[[ Extracted material open ]]

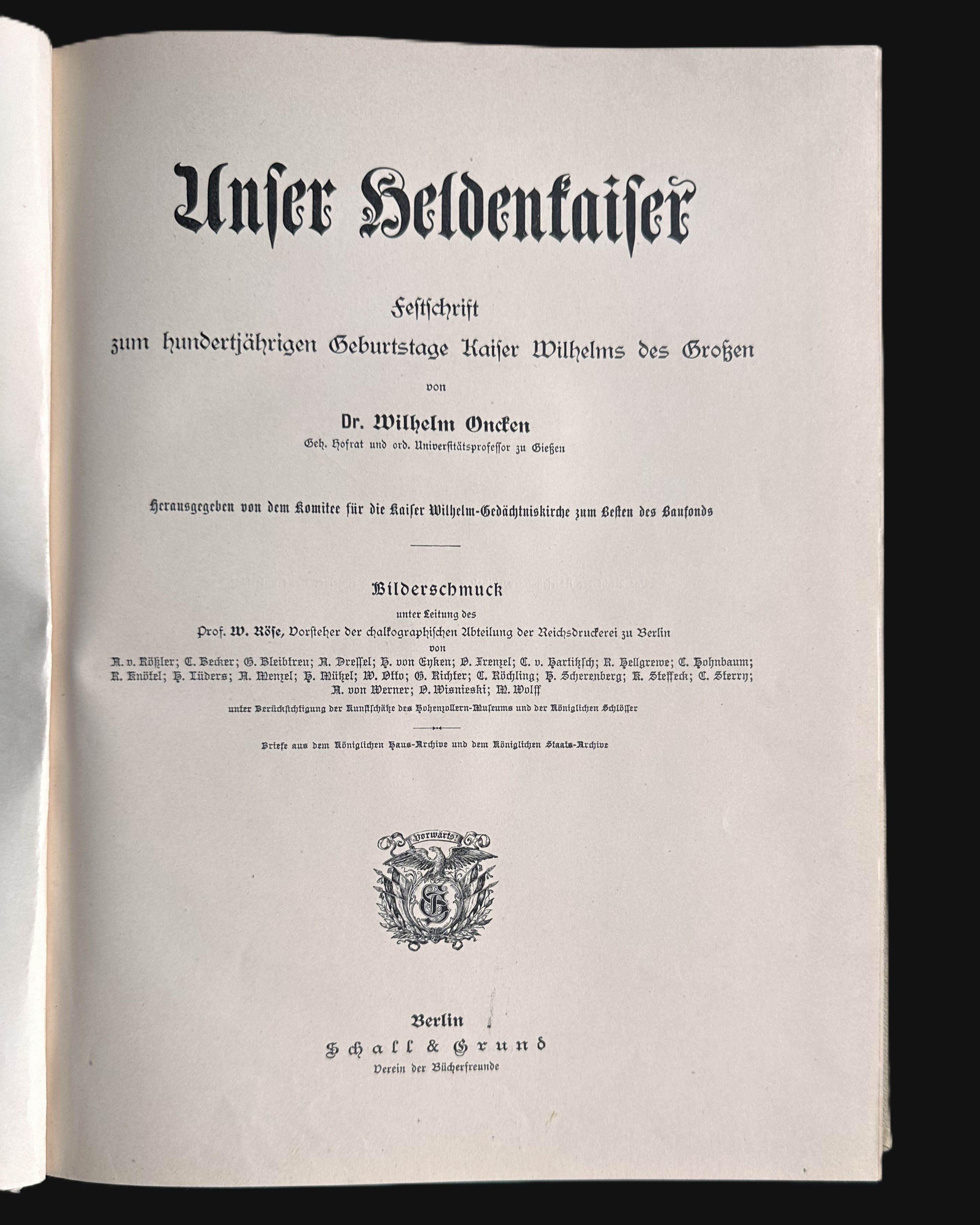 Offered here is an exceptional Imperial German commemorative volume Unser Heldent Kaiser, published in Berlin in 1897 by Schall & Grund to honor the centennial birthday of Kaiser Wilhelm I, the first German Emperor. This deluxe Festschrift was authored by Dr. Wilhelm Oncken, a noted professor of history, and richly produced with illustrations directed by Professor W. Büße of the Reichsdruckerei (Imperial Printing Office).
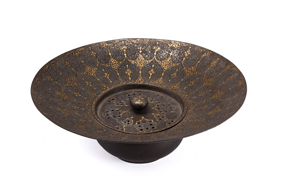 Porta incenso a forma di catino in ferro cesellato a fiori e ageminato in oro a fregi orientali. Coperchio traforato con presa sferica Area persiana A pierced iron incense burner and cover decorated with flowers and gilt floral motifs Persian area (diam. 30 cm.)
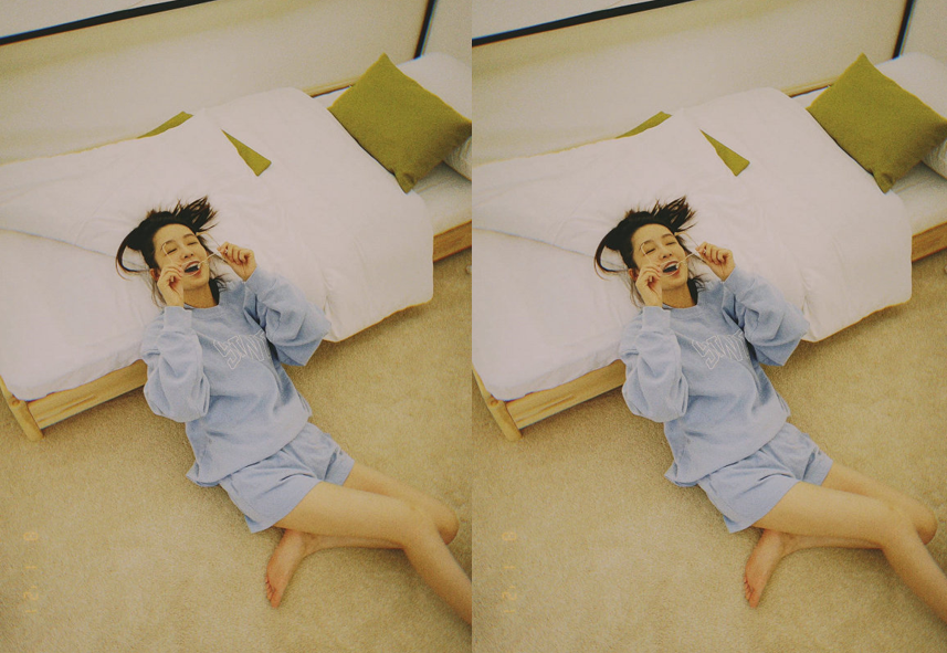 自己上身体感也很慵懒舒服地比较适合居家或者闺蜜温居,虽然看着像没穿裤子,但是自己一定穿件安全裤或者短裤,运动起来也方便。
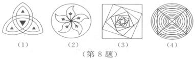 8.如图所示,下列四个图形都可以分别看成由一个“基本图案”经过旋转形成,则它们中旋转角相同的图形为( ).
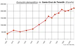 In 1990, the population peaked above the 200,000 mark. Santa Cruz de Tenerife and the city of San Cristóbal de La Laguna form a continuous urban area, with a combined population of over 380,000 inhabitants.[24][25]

[[ Extracted material closed ]]
[[ Extracted material open ]]

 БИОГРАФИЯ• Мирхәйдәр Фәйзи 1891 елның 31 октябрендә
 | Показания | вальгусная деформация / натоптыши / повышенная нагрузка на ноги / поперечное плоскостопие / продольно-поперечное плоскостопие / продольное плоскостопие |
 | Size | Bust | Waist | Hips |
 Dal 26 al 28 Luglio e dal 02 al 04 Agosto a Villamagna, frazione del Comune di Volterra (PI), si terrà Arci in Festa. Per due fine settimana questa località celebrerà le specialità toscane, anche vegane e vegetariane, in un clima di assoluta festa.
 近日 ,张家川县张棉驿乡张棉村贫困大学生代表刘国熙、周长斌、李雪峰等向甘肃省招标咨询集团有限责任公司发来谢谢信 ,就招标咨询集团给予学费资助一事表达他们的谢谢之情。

[[ Extracted material closed ]]

Within these entries, output exactly the lines starting at the one with "Porta incenso a" and finishing at the one with "8.如图所示,下列四个图形都". Leave pictures out of the output.

*Task answer*.
 Porta incenso a forma di catino in ferro cesellato a fiori e ageminato in oro a fregi orientali. Coperchio traforato con presa sferica Area persiana A pierced iron incense burner and cover decorated with flowers and gilt floral motifs Persian area (diam. 30 cm.)
 自己上身体感也很慵懒舒服地比较适合居家或者闺蜜温居,虽然看着像没穿裤子,但是自己一定穿件安全裤或者短裤,运动起来也方便。
 8.如图所示,下列四个图形都可以分别看成由一个“基本图案”经过旋转形成,则它们中旋转角相同的图形为( ).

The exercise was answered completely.